- Born: Zuiryō Motohira (原平 随了) 1954 (age 71–72) Himi, Toyama Prefecture
- Occupations: priest; anime director; screenwriter;
- Years active: 1970–2005
- Known for: Chief director of Doraemon (1981-1984)
- Spouse: Chikako

= Ryo Motohira =

Japanese anime director and priest (born 1954)

Zuiryō Motohira (原平 随了, Motohira Zuiryō), known professionally as Ryo Motohira (もとひら 了, Motohira Ryō), is a Japanese Jōdo Shinshū Buddhist priest of the Kozenji Temple, former anime director, and former screenwriter from Himi, Toyama Prefecture.

==Biography==
At Shin-Ei Animation, Motohira worked as an assistant director and production coordinator.

He famously served as the chief director of the Doraemon anime series from 1981 to 1984, with Tsutomu Shibayama taking over for the rest of the show's run. After departing, he became a freelance screenwriter.

Motohira has written several screenplays for numerous anime film and anime series works such as Doraemon: The Record of Nobita's Parallel Visit to the West, Dorami-chan: Mini-Dora SOS!!!, Esper Mami, Crayon Shin-chan: Action Mask vs. Leotard Devil, and 21 Emon.
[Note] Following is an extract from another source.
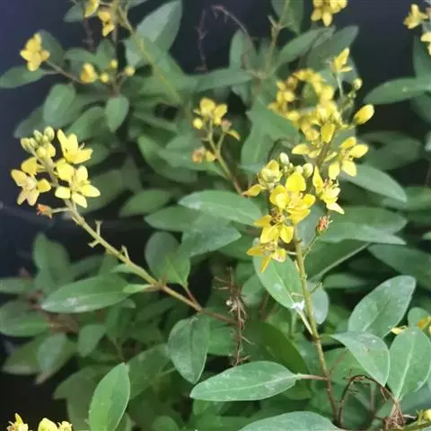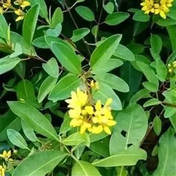 金英常绿灌木,株高约50-160厘米,嫩茎红色。叶片绿色,对生,椭圆形,先端尖,基部楔形,全缘。…

In 2003, his mother died, leaving his father Akira, the head priest of Kozenji Temple, living alone. After completing a year of training at the Tokyo Buddhist College at Tsukiji Hongan-ji, Motohira officially became a priest at Kozenji Temple in 2005 and currently serves as head priest of the temple.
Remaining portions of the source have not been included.